Ok, so here’s the thing. This plane I’m on can’t return to its gate because the person I was before I boarded it was one that relied upon countless lower vibrational patterns to exist, none of which work for me anymore. I see that so clearly now with the countless individuals I had been surrounding myself with, all who I relied upon to feel better and ended up becoming overly needy and dependent upon somewhere along the way. With each of them, the very thing I sought from them was never fulfilled, that being a desire to build a connection of the heart, where instead sexual innuendos and banter became my everyday language with them instead. I don’t want connections like this anymore. But, at the same time, now that my 10-year relationship is in shambles and nothing to keep me in this city I moved to solely for him, my plane feels like it’s readying for takeoff, but to where, I don’t know. What that translates to is a feeling like I’m on that plane, sitting on some random runaway, waiting.

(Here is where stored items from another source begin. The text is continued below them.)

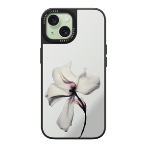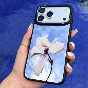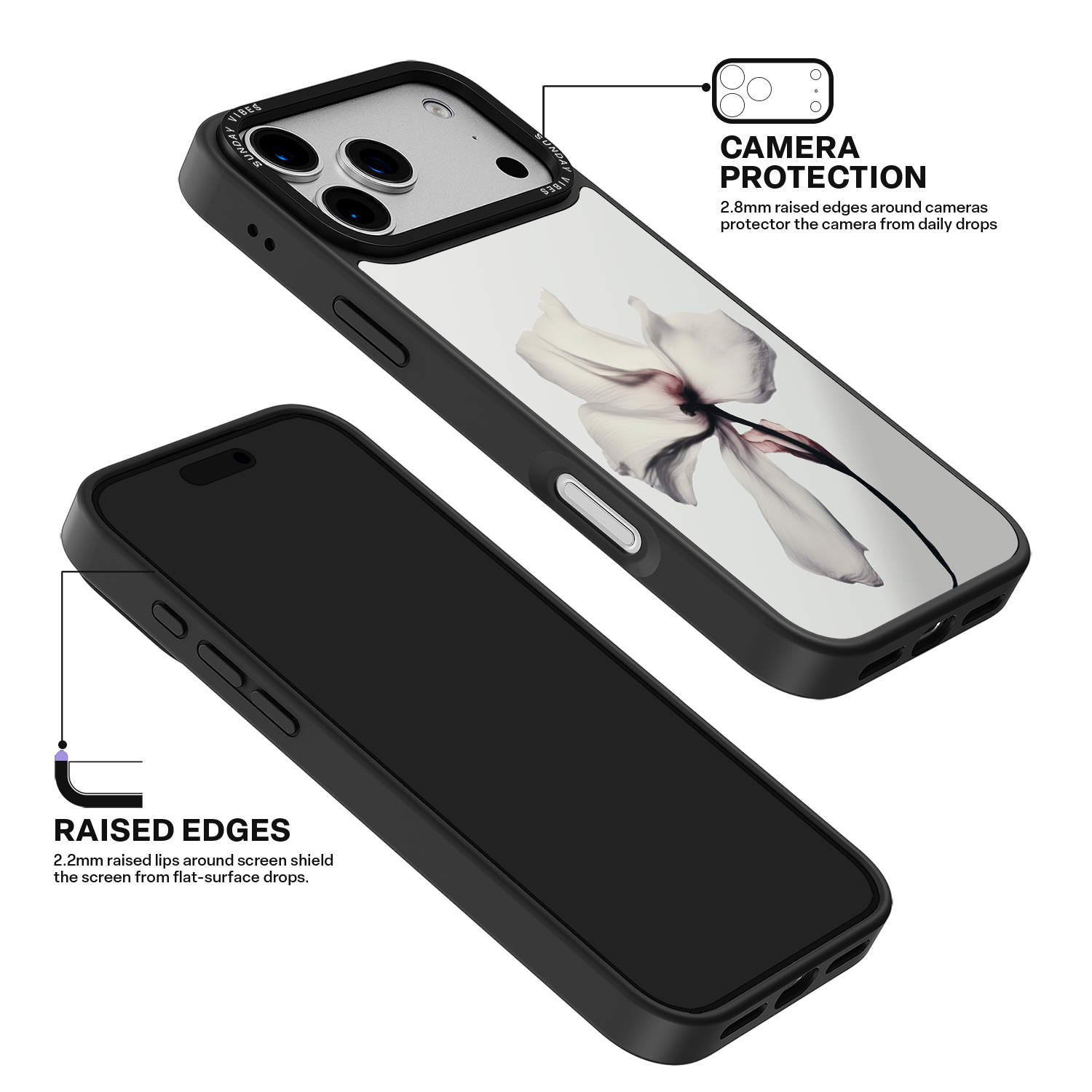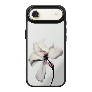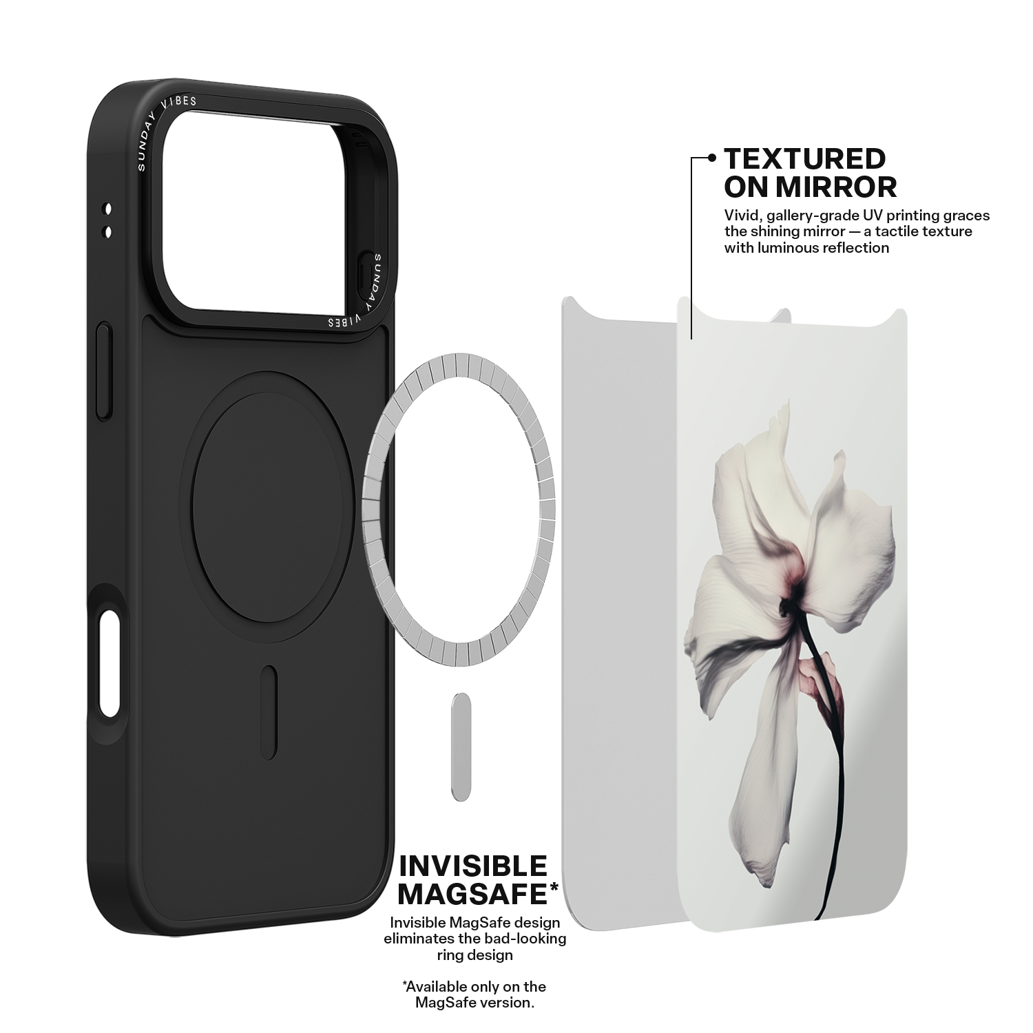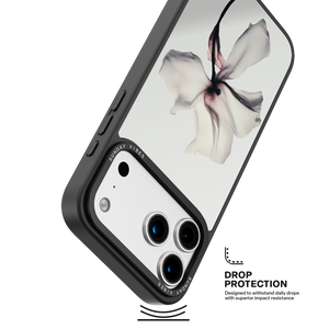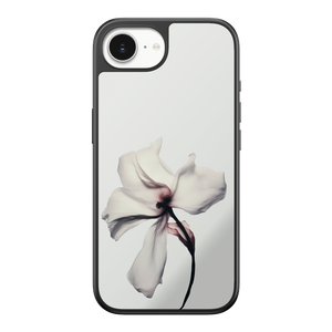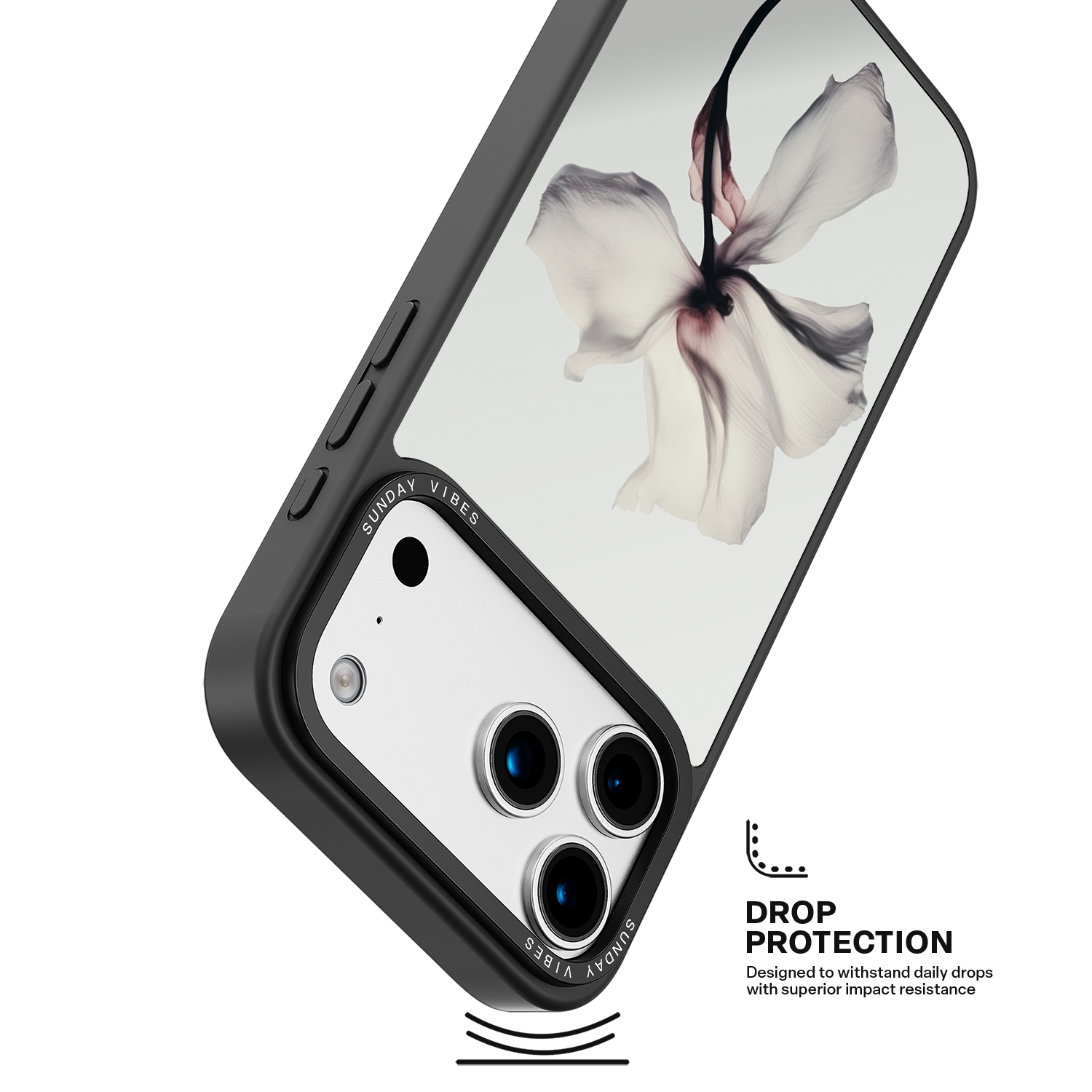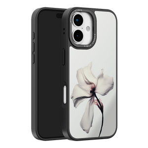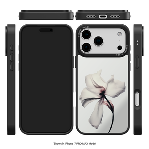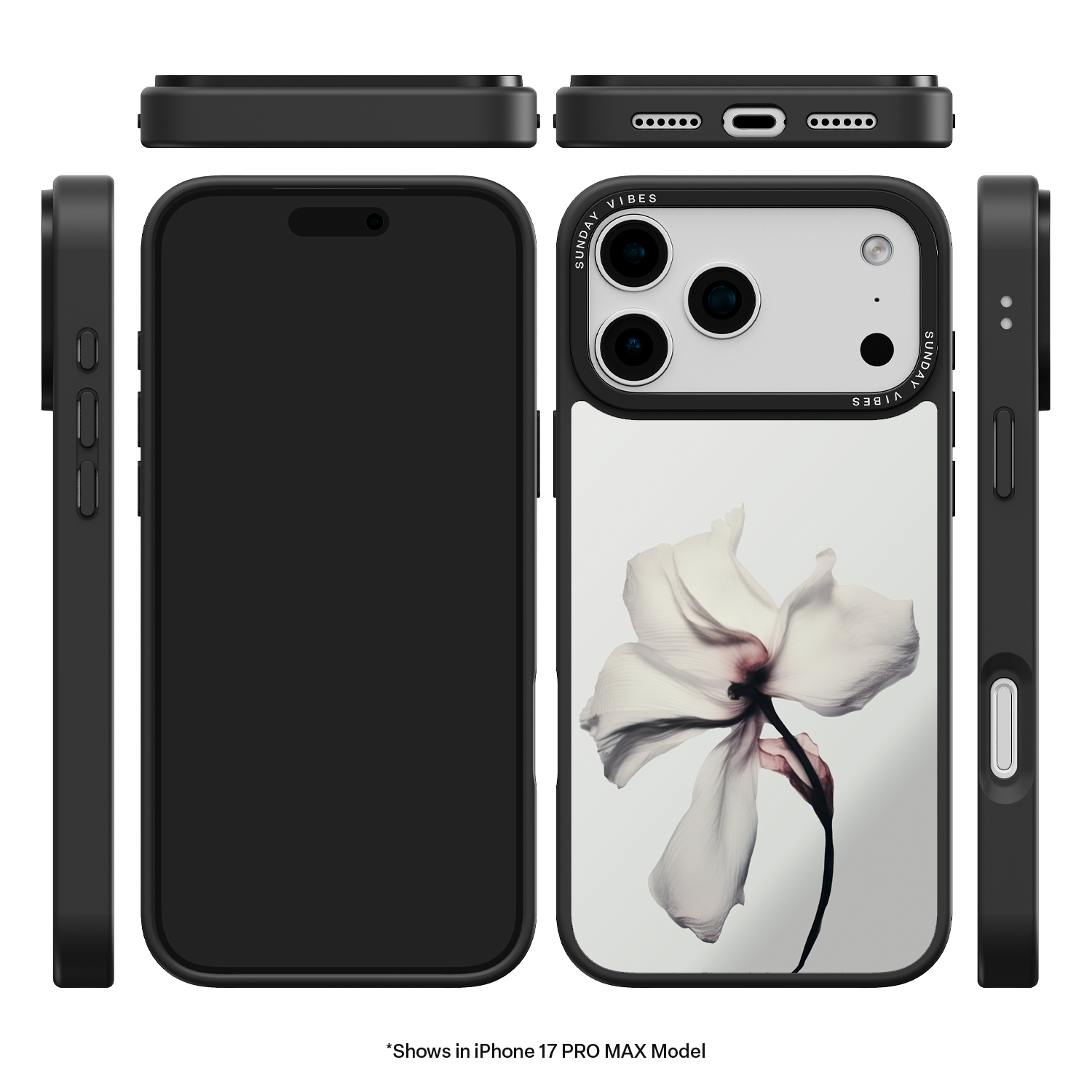 Elevate your look with the stark, sophisticated glamour of the White Shadow iPhone Case. The minimalist print features the dramatic outline and soft texture of a solitary bloom, perfectly contrasting the high-shine reflective silver backdrop. This design merges a clean, contemporary aesthetic with essential mirror convenience.
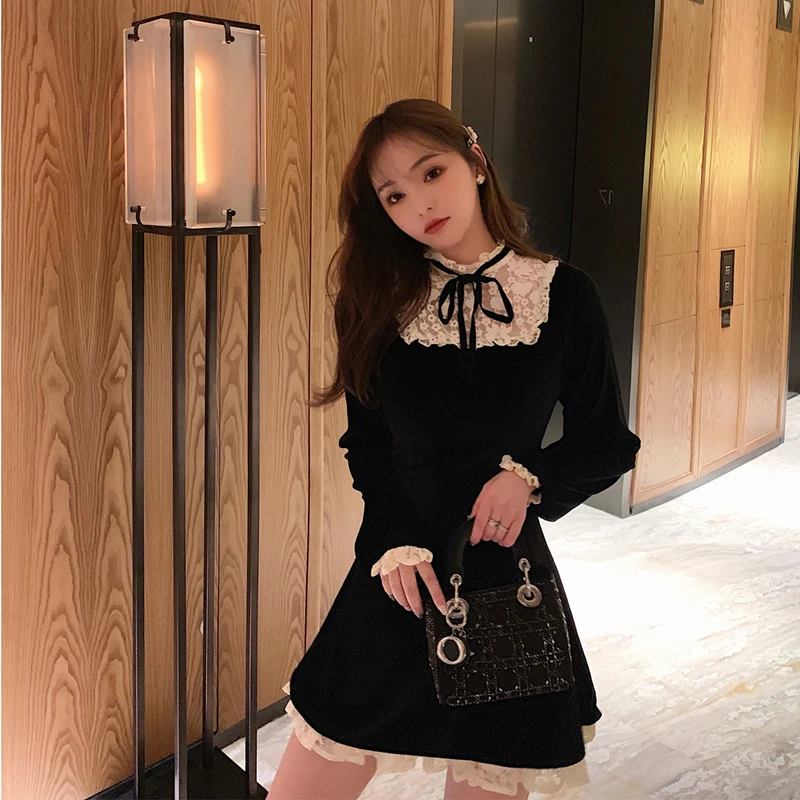 Французское винтажное платье с высоким воротником и кружевной отделкой, золотистое бархатное Черное женское платье с длинными рукавами, с высокой талией, платье в викторианском стиле, kawaii, готическое платье для девочек
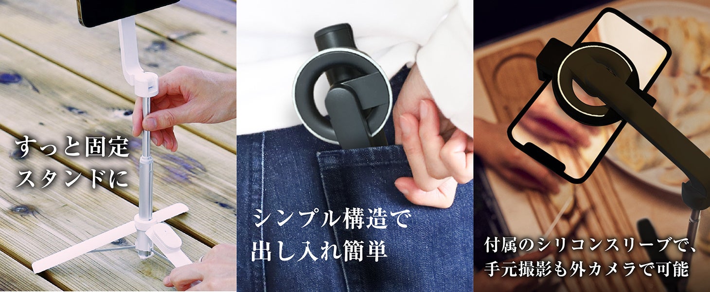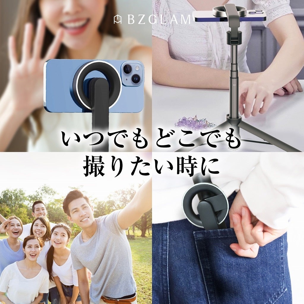 その際によく使用される自撮り棒(セルカ棒)やスマートフォン撮影スタンドですが、私たちはMagSafe機構を取り入れることで、これまでにないシンプルかつ多様性のある製品をリリースしました。
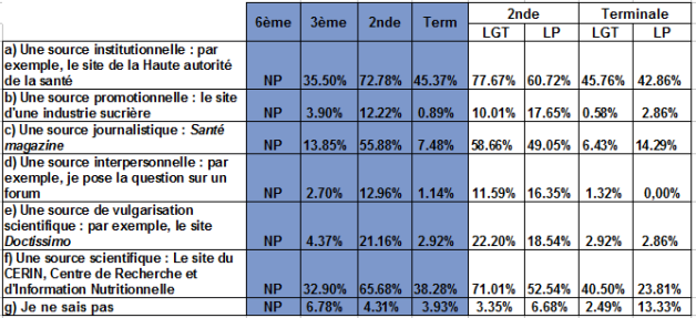 Ainsi, si dans les filières générales et technologiques une sensibilisation à la valeur à accorder aux sources scientifiques commence à se développer, il n'en va pas de même dans les filières professionnelles, où la priorité est peut-être plus accordée aux normes et aux institutions pour un usage plus professionnel que scientifique.
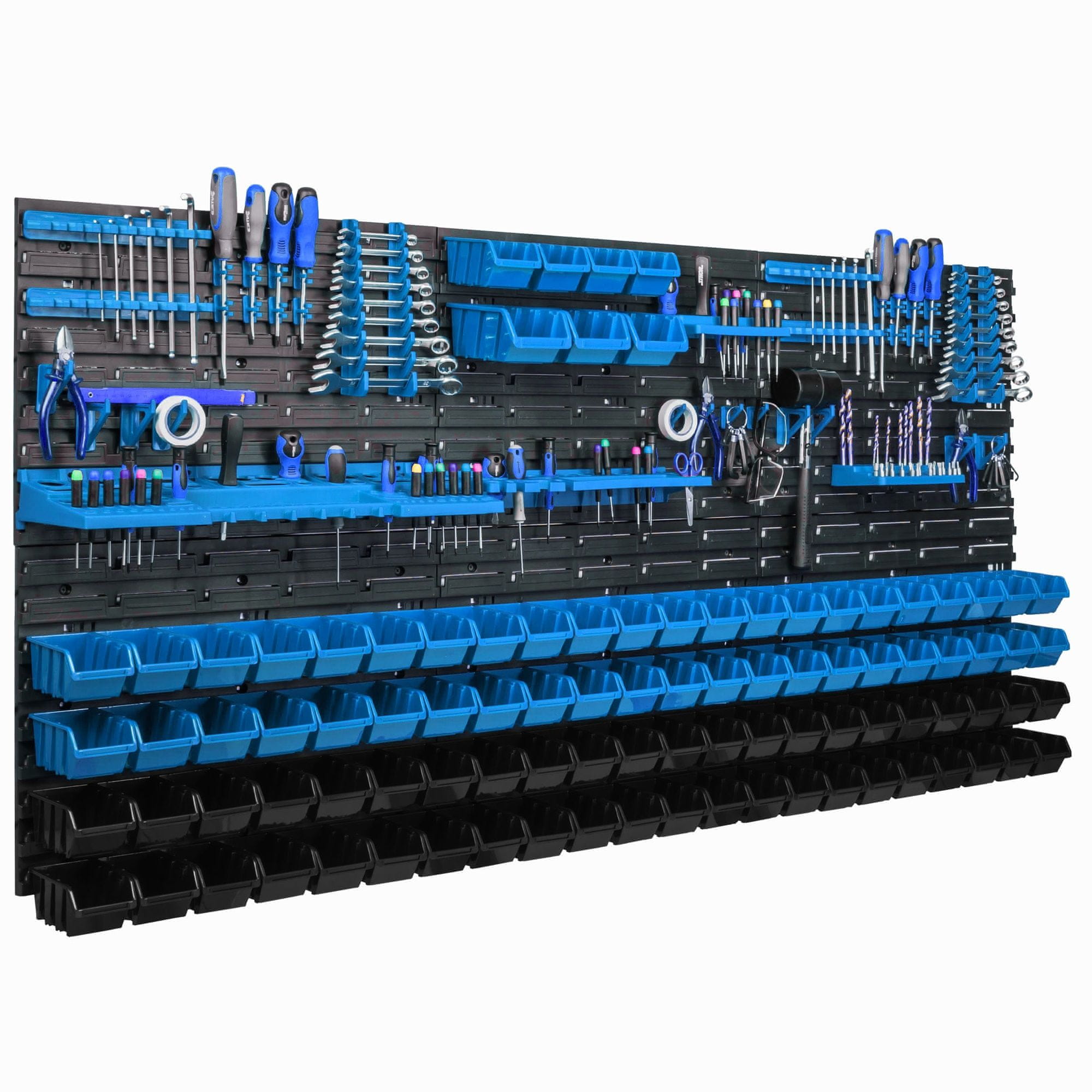 botle Viseča plošča za orodje 173 x 78 cm z 95 kos Škatla stenskih Modra in Črna škatle plastika XL

I believe waiting is one of the most difficult places an individual will ever experience on a spiritual journey to find themselves. I now find myself in that very place, waiting on God for answers as to where this plane is heading next and it’s something that is requiring me to bear a lot of uncertainty and do a lot of prayer. My heart seems to ache all the time now bearing the brunt of this waiting, where loneliness feels like my constant companion. But I’m going through it this time with something different as compared to the last time I faced it, and that’s in how I’m handling it. Because what I’m doing now is that I’m not trying to numb myself from feeling any of it. I’m choosing to sit in all this emptiness instead of filling it with yet another aimless addiction. I’m simply allowing myself to feel it in all its entirety, which often feels so very painful and one I wouldn’t wish upon anyone.

I don’t think there’s a single day over the past six weeks where I haven’t sobbed incredibly in whatever seat I’ve been sitting on in this plane. But, the fact remains, I’m allowing myself to remain on it, to wherever it’s heading, rather than trying to force it to head back to its former gate or busting through the pilot’s door to make it takeoff immediately to where I want. Instead, I’m fully trusting in God now, that my plane is headed to somewhere pretty amazing. I only have to wait a little longer.